Brexit Deal: Summary & guidance


Explore the business support available post-Brexit and review the Government’s six-point checklist for companies that trade with the EU

The UK-EU Trade and Cooperation Agreement was published on Christmas Eve 2020, passed through the UK Parliament on 30 December and came into force at the end of the year.  EU leaders are now set to consider the full deal and give their approval – allowing the European Parliament to give its overall approval for full application – before 28 February 2021. 

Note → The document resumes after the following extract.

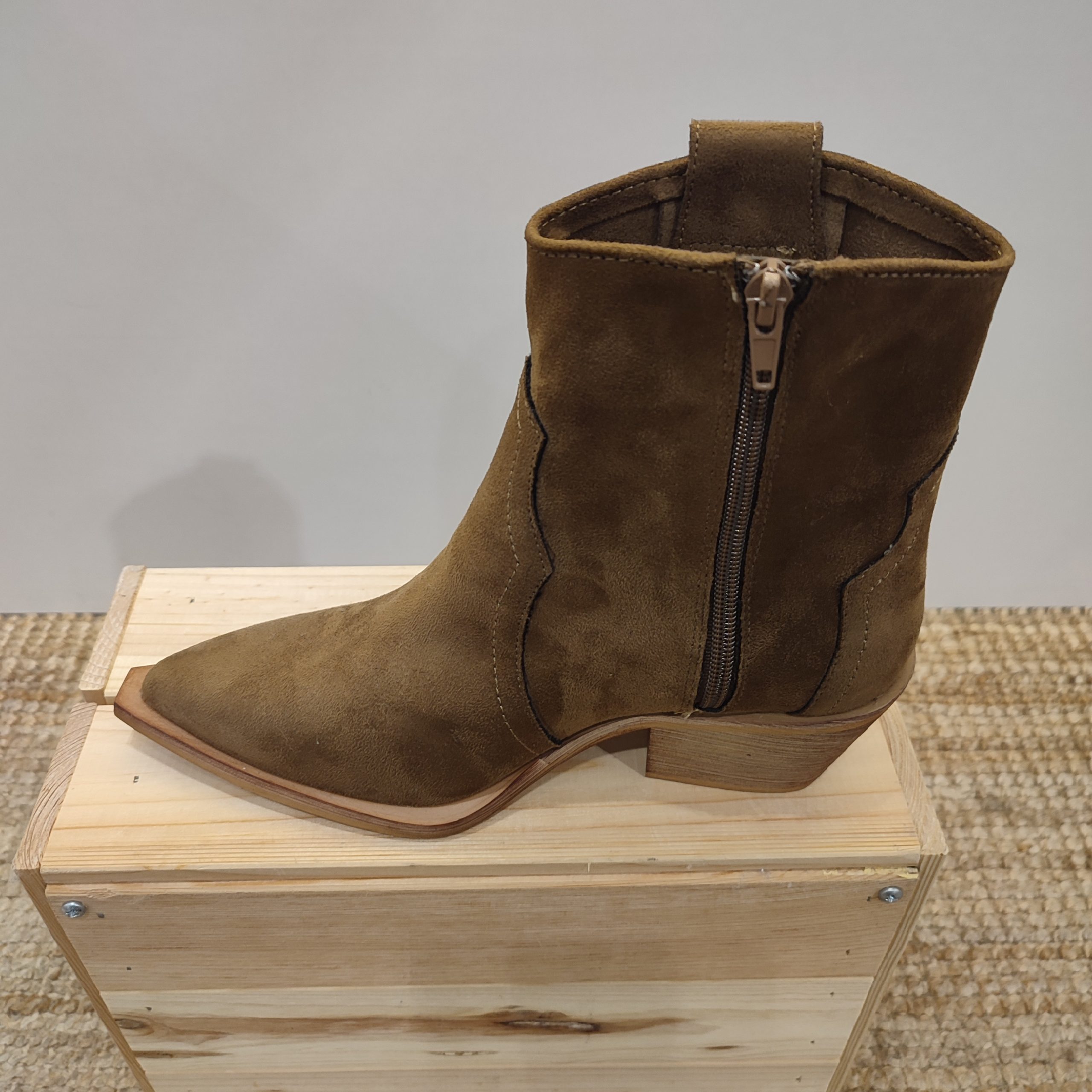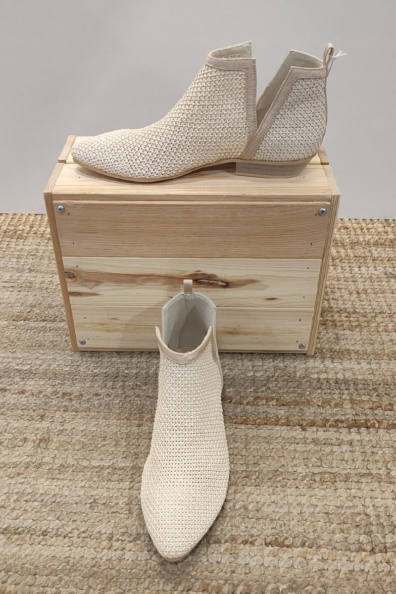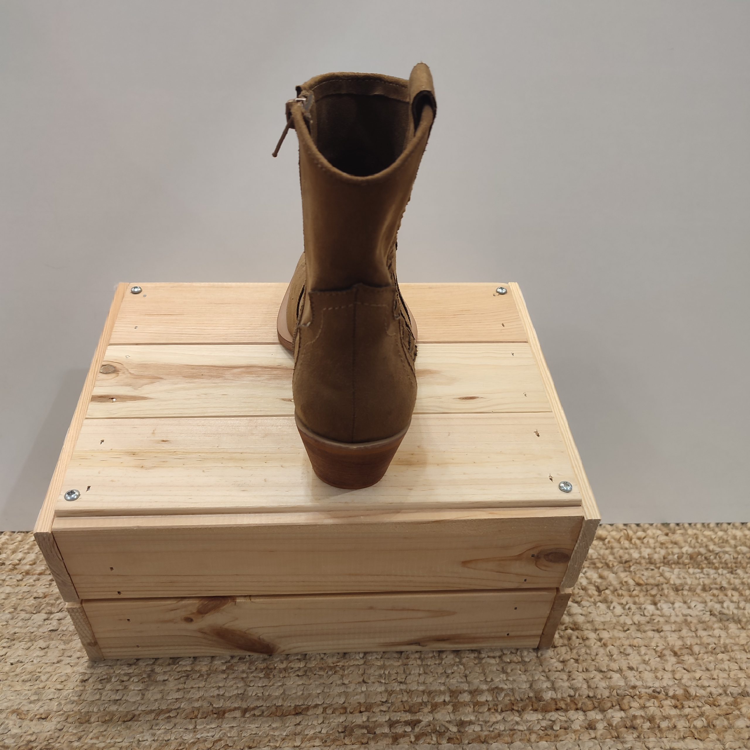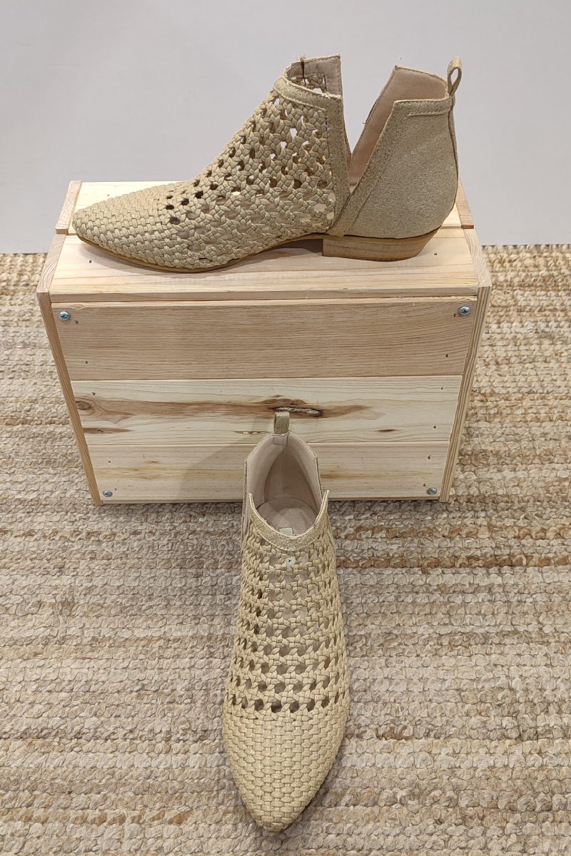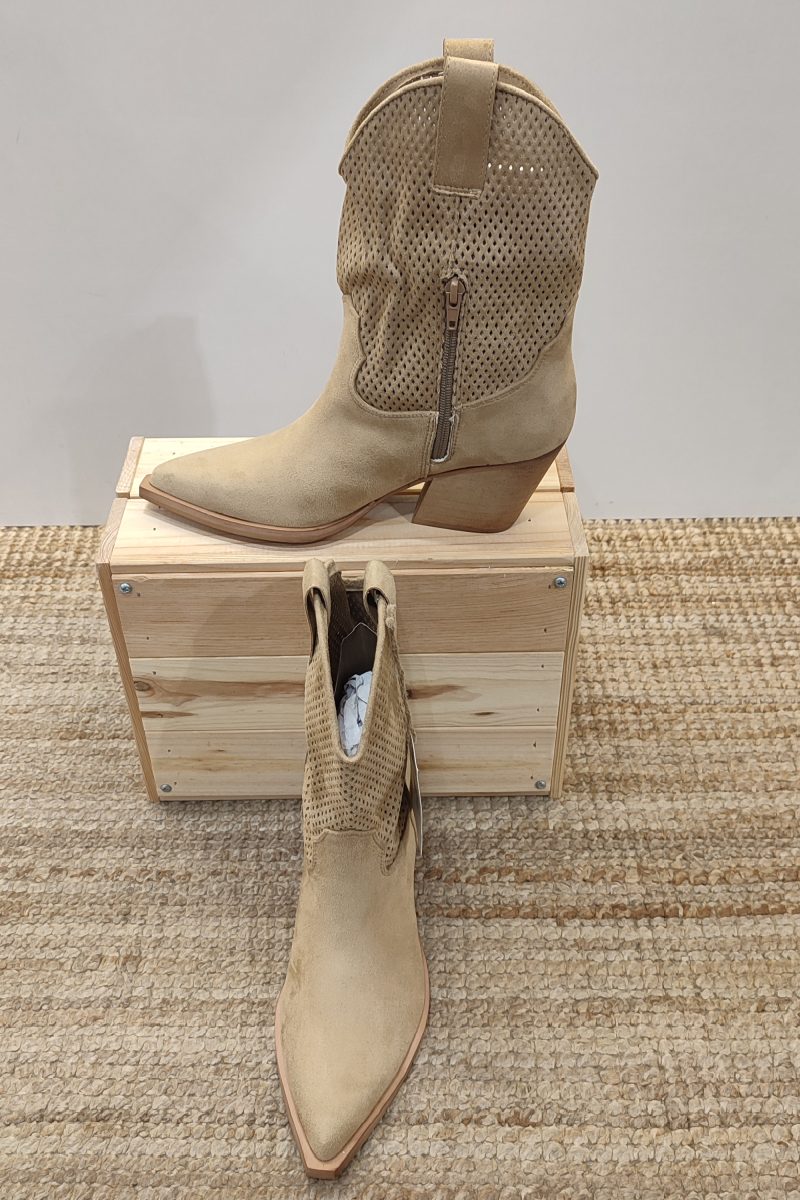 Botas de ante con caña baja de 15 cm. Con un reborde de la misma tela de ante en el empeine y en el talón , delimitado con un pespunte en hilo del mismo tono. Contiene cierre en un lateral y un trenzado del mismo material en el otro lado. Tacón de 5 cm.  El color neutro y la textura del ante los hacen especialmente adecuados para looks de otoño y primavera, para combinar con faldas, pantalones de lino o vaqueros.

The Government’s summary of the deal can be viewed here, and the EU’s explainer guide on the new relationship is available here

The question of the UK’s data adequacy and its impact on data transfers from the EU/EEA to the UK has been a particularly key issue for IAB UK members, and we have provided a separate update on the interim arrangements

The Government has urged businesses who have not yet taken steps to prepare for the UK’s trade deal with the EU to act now and follow a checklist of six key actions:

  1. Goods: If you import or export goods to the EU, you must get an EORI number, make customs declarations or employ an agent to do them for you, check if your goods require extra papers (like plant or animal products) and speak to the EU business you’re trading with to make sure they’re completing the right EU paperwork. There are also special rules that apply to Northern Ireland. Hauliers must obtain a Kent Access Permit and have a negative COVID-19 test before they head to port in Kent

  2. Services: If you deliver services to the EU, you must check whether your professional qualification is recognised by the appropriate EU regulator

  3. People: If you need to hire skilled staff from the EU, you must apply to become a licensed sponsor

  4. Travel: If you need to travel to the EU for business, you must check whether you need a visa or work permit

  5. Data: If your goods are protected by Intellectual Property (IP), you will need to check the new rules for parallel exporting IP protected goods from the UK to the EU, Norway, Iceland and Liechtenstein. You risk infringing on IP rights if you do not follow the new rules

  6. Accounting & reporting: If your business has a presence in the EU you may need to change how you undertake accounting and reporting to ensure compliance with the relevant requirements

More detailed advice is available through the Government’s checker tool.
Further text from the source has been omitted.